O tenente-coronel Mauro Cid, ex-ajudante de ordens do ex-presidente Jair Bolsonaro (PL), admitiu em março deste ano que as joias recebidas pelo governo eram bens de interesse público. Ele também estava ciente de que, mesmo se esses itens fossem legalmente parte do acervo pessoal do então presidente – o que não era o caso, já que não eram personalíssimos -, a União teria o direito de preferência na aquisição caso fossem vendidos.
Essa revelação veio à tona por meio de mensagens trocadas entre Cid e o advogado Fábio Wajngarten, que faz parte da equipe de defesa de Bolsonaro no caso das joias e serviu como secretário de Comunicação durante o mandato. As mensagens do celular de Cid foram obtidas pela coluna de Juliana Dal Piva, no UOL.
A conversa ocorreu em 5 de março, após a divulgação, pelo Estadão, de que o governo Bolsonaro tentou trazer ilegalmente colar e brincos de diamante da Arábia Saudita. Cid compartilhou com Wajngarten a matéria que revelava a tentativa de entrada desses itens no país, escondidos na mochila de um militar. A resposta do advogado foi: “Eu nunca vi tanta gente ignorante na minha vida.” Cid acrescentou: “Difícil mesmo. O pior é que está tudo documentado.”
A conversa entre os dois continuou, abordando outros itens recebidos pela Presidência, mas que não foram encaminhados ao acervo da União – o que seria correto de acordo com a legislação brasileira. Cid demonstrou ter conhecimento dessa ilegalidade, pois enviou a Wajngarten uma série de mensagens sobre as determinações legais para o recebimento e tratamento de presentes pela Presidência.
Entre o conteúdo enviado por Cid e revelado pela coluna de Juliana Dal Piva, está uma imagem da Lei 8.394, de 30 de dezembro de 1991, que trata da preservação, organização e proteção dos acervos documentais privados dos presidentes da República. Na imagem enviada pelo militar, um círculo verde destaca o trecho: “em caso de venda, a União terá direito de preferência.”
Há várias irregularidades nesse trecho que evidenciam a ilegalidade das ações de aliados do ex-presidente.

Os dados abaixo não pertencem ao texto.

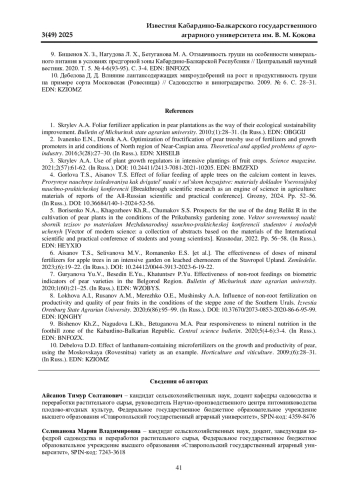 В статье приведены результаты исследования, проведенного в 2023-2024 гг. на территории учебного сада Ставропольского государственного аграрного университета. Объектами исследования являлись осенние сорта груши Талгарская Красавица и Ксения. Предметом исследования были некорневые подкормки - удобрения, содержащие микроэлементы. Согласно разработанной схеме опыта изучалась эффективность фолиарного внесения удобрений Стимул (3 л/га), Аквамикс, Л (2 л/га) и GO DRIP MICRO (1 кг/га) в сравнении с контролем без удобрений. В рамках проводимого исследования анализировалось воздействие удобрений на среднюю массу плодов, урожайность и концентрацию растворимых сухих веществ в плодах изучаемых сортов груши. Согласно полученным результатам, удобрения обеспечивали достоверное преимущество по всем анализируемым показателям относительно контрольных вариантов. Сравнительная оценка изучаемых сортов груши показала, что наиболее высокая средняя масса плодов отмечалась у сорта Ксения (183 г), а наибольшие урожайность и концентрация сухих веществ были в плодах сорта Талгарская Красавица с достоверным превышением показателей второго сорта. Самые высокие показатели по всем анализируемым параметрам были получены на фоне применения удобрения GO DRIP MICRO. Преимущество данного варианта относительно остальных в средней массе плодов составило 15-66 г, в урожайности 1,2-6,9 т/га, концентрации растворимых сухих веществ 0,4-2,2%. При этом необходимо отметить, что по большинству рассматриваемых показателей удобрение Аквамикс, Л, несмотря на достоверное преимущество относительно вариантов контроля и удобрения Стимул, несущественно уступало лидирующему варианту.

Embora não fosse público na época, a Polícia Federal apontou em agosto que Bolsonaro, Mauro Cid e outros dois assessores “atuaram para desviar presentes de alto valor recebidos em razão do cargo pelo ex-Presidente para posteriormente serem vendidos no exterior”.
A mesma lei enviada por Cid acrescenta que itens do acervo pessoal do presidente “não poderão ser alienados para o exterior sem manifestação expressa da União”. No entanto, a investigação da PF aponta vendas no exterior sem qualquer direito de preferência ou manifestação expressa da União.
Além disso, como já reportado pelo Estadão, os itens recebidos por Bolsonaro nem sequer poderiam fazer parte de seu acervo. A principal referência sobre os critérios para presentes do exterior é um entendimento fixado pelo Tribunal de Contas da União (TCU) em 2016, que determina que presentes recebidos em agendas e viagens oficiais devem ser incorporados ao patrimônio da União. As únicas exceções são “itens de natureza personalíssima”.
O TCU cita como exemplo “medalhas personalizadas, bonés, camisetas, gravatas, chinelos e perfumes”. Portanto, para que um presidente possa ficar com o material, é necessário que seja algo pessoal e também de baixo valor – o que não se aplica ao escândalo das joias.
O mais preocupante é que muitos desses itens sequer foram declarados, como é o caso das joias reveladas pelo Estadão em março. Os itens foram apreendidos pela Receita Federal em 2021 por terem entrado no país sem registro. A tentativa de encaminhá-los ao acervo pessoal de Bolsonaro só foi feita por Mauro Cid em dezembro de 2022, em uma última tentativa infrutífera de recuperar as joias.